When you embrace new technologies like big data and BYOD it adds more moving pieces to network monitoring and management. That’s why more IT departments are applying big data network analytics to help manage the data center itself.
Gartner has identified a new category of big data network analytics tools and services specificly adapted for the data center, IT Operations Analytics (ITOA).Vendors such as HP, IBM, BMC, and Microsoft are already developing ITOA tools using big data to manage the data center. Gartner predicts that ITO will become a central component of enterprise architectures for Global 2000 companies, and that one of every 10 dollars spent in IT Operations Management will be spent on ITOA tools and services.
This opens a new opportunity for VARs seeking new ways to market big data value to their data center customers.
Predictive Analytics Using Big Data
It’s logical that IT should use big data to manage data center problems created by big data. The exploding volume of data types crossing the network is rising at a phenomenal rate; faster than conventional network management tools can handle it. By harnessing big data to power big data network analytics, i.e. ITOA, IT managers can get a better perspective on network traffic patterns and identify concerns before they become problems.

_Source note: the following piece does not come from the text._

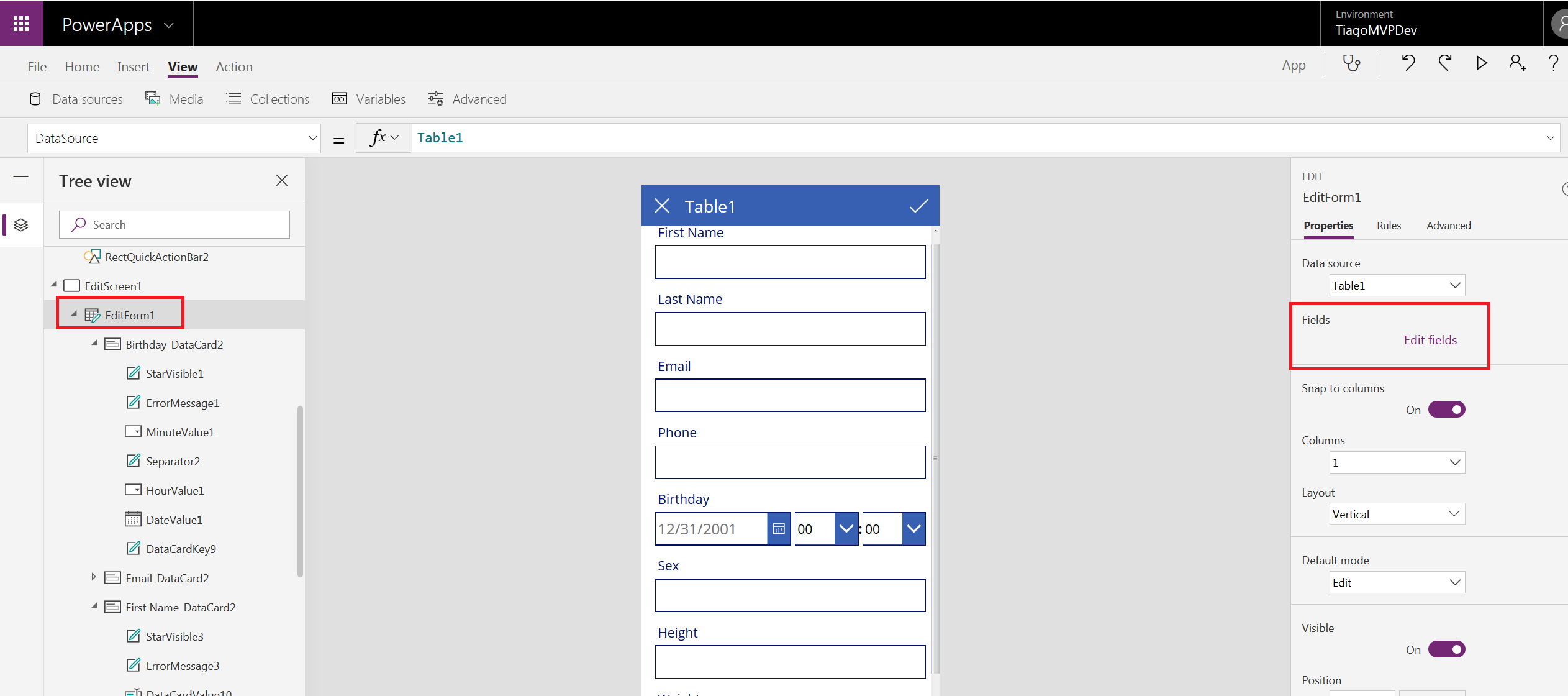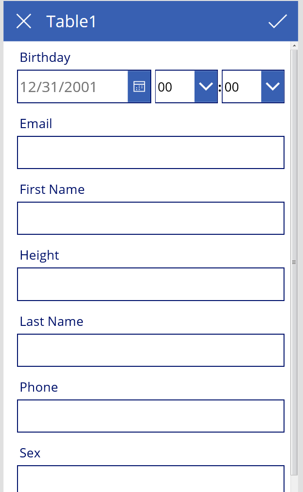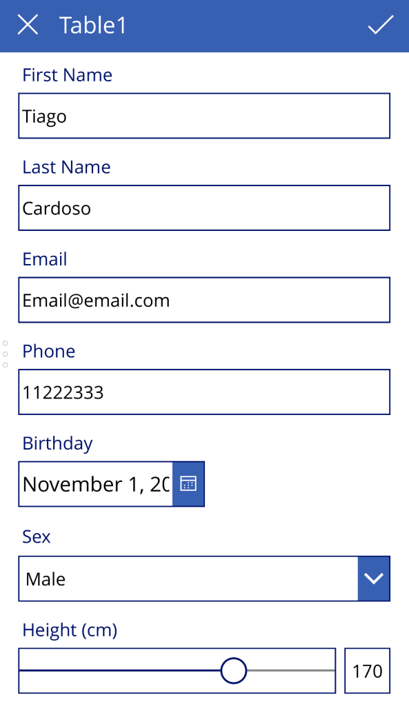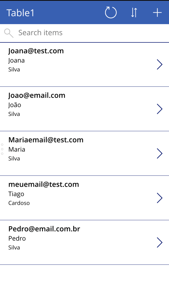 Como eu havia dito, o PowerApps automaticamente adiciona todos os campos da planilha Excel em nossa app, para pre-visualizar, pressione F5 e depois clique no “+” no canto superior:

ITOA provides a federated architecture that integrates operational intelligence with IT management tools such as alarm consoles, IT search tools, visualization systems, and forecasting applications. ITOA is especially valuable in six critical areas:
- Enhancing application and service modeling
- Identifying the root causes of performance problems
- Assessing the impact of potential performance problems
- Incident anticipation
- Capacity planning
- Developing network action plans
Real-Time Monitoring Anticipates Network Problems
What makes big data perfect for network analytics is real-time monitoring. ITOA finally offers true, predictive analytics that can identify performance problems before they happen, rather than waiting to report them after the fact.

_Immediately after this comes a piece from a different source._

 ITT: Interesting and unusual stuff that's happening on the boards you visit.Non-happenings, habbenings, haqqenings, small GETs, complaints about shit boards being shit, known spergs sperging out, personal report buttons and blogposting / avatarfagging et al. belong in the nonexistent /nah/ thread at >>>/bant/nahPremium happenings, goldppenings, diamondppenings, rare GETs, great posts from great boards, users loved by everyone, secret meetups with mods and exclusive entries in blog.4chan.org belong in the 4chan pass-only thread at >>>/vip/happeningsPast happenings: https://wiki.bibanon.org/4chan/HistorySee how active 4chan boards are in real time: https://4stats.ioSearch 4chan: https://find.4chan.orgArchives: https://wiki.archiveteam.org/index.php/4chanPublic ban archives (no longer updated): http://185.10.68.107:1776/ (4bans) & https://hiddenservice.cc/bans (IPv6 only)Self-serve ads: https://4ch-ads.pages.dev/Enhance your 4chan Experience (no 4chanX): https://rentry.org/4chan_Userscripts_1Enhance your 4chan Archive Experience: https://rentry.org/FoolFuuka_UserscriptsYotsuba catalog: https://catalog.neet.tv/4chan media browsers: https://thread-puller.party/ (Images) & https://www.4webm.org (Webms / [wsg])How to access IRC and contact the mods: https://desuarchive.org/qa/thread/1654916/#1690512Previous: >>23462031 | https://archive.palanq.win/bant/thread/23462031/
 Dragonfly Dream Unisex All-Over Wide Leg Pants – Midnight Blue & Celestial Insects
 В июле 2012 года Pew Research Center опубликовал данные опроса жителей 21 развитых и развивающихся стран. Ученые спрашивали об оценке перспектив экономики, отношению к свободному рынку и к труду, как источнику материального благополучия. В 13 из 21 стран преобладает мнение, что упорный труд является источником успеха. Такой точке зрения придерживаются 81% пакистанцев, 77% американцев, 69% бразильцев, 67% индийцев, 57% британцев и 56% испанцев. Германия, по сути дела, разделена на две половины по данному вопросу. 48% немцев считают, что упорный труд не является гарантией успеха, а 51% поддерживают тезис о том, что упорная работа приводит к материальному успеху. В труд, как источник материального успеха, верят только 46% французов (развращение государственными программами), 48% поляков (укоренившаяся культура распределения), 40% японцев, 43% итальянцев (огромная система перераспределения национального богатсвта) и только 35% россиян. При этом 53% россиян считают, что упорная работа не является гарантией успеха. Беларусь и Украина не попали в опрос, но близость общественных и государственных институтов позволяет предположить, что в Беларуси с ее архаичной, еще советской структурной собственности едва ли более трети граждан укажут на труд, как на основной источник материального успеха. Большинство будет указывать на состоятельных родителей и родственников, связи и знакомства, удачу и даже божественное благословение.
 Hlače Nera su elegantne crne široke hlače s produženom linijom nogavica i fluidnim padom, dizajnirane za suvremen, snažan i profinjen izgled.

The advantages of real-time big data network monitoring include:
- The ability to see the full application stack at a glance
- The ability to identify and prevent incidents before they happen
- Shorter response time to incidents using automated responses
Now, rather than generating mountains of statistics after an event occurs, big data network analytics generates a targeted, real-time warning pinpointing the exact problem.

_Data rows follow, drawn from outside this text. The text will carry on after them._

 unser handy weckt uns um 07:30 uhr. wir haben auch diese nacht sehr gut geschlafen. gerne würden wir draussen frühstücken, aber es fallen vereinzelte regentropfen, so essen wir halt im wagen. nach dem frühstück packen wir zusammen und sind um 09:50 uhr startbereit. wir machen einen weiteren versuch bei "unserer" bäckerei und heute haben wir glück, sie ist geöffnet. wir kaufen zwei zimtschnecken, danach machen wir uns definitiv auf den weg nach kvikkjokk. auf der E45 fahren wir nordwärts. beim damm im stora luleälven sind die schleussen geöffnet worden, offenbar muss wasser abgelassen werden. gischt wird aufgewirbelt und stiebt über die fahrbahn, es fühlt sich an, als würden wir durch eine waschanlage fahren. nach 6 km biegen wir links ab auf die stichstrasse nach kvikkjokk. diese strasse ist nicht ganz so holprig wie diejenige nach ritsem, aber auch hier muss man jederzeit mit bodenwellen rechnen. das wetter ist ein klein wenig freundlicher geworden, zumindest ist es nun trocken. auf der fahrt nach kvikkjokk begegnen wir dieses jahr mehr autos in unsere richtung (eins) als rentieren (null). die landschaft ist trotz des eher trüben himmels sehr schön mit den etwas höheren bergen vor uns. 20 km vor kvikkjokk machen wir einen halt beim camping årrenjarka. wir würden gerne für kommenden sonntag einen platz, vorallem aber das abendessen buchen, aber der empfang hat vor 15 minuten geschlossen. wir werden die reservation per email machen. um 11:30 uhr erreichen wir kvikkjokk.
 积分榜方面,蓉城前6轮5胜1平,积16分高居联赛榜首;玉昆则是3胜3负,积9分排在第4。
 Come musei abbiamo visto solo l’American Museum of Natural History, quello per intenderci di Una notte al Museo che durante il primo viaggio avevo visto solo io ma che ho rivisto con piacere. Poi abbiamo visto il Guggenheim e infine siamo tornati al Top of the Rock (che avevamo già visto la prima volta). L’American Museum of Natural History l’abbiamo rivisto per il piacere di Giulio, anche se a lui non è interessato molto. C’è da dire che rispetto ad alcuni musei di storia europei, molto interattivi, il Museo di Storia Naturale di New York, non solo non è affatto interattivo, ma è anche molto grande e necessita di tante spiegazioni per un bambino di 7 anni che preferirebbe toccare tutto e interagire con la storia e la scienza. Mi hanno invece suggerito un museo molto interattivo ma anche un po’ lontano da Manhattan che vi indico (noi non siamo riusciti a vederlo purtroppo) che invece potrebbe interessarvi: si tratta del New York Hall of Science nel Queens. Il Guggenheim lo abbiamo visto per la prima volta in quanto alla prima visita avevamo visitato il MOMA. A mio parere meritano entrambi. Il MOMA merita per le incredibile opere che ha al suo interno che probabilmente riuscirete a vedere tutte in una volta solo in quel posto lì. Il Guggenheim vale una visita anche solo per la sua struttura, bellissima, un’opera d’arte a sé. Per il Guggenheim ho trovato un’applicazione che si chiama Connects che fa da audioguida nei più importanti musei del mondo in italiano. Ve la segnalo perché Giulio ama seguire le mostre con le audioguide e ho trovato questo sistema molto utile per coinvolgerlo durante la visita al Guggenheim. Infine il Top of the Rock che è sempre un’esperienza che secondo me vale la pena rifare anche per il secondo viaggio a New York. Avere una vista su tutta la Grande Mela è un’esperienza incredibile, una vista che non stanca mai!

ITOA systems use pattern matching and analytics engines to power complex event processing (CEP), event logs, behavioral learning engines, and architecture discovery and mapping. The capture and analysis of data traffic patterns are used to monitor for pattern deviations. The variables can be very revealing, for example:
- ITOA can show real-time end user experience to test responsiveness, slow performance, and data availability
- Thresholds can be set for key performance indicators (KPIs), such as database IOPs, CPU utilization, or number of active connections
- ITOA delivers an accurate picture of application usage and normal load patterns that can be used as a baseline for enterprise performance
Six Areas Where ITOA Offers Insight
ITOA big data network analytics monitor status, events, and performance at the applications systems layer, monitoring for anomalies that could lead to performance issues, disrupted service, or network failures. The areas where ITOA monitoring seems most valuable are:
- Security – ITOA works in tandem with other security tools to identify data theft, malware, and attacks. Using real-time analytics you can intercept fraudulent transactions before they become transaction requests
- Endpoints – Network endpoints can be a weakness in enterprise security, particularly since there are so many to monitor. ITOA solves that problem by monitoring the entire network and automatically isolating any endpoints that seem to be a source of malicious activity
- Storage – Big data creates new storage demands requiring enterprise networks to have the elasticity to call on cloud storage and other resources on demand. ITOA can be invaluable in automating management of big data storage capacity
- Servers – In a virtualized environment like that used for big data, processing capacity has to have the same elasticity as storage. ITOA can manage virtualized servers to optimize performance
- Networks – Using big data network analytics you can get granularity into response times, arrival rates, and other metrics useful for capacity planning without having to add more diagnostic code to core applications
- Applications – ITOA provides a central architecture to monitor application performance, identifying root causes for performance problems
Big data for the data center offers a lot of promise in both predicting and automating network problems in a way we never dreamed of using conventional network management tools. Smart resellers are going to understand how to add ITOA to their big data skillset to bring customers to the next level of performance while they reap big data rewards.
Where do you see ITOA fitting into your service offering?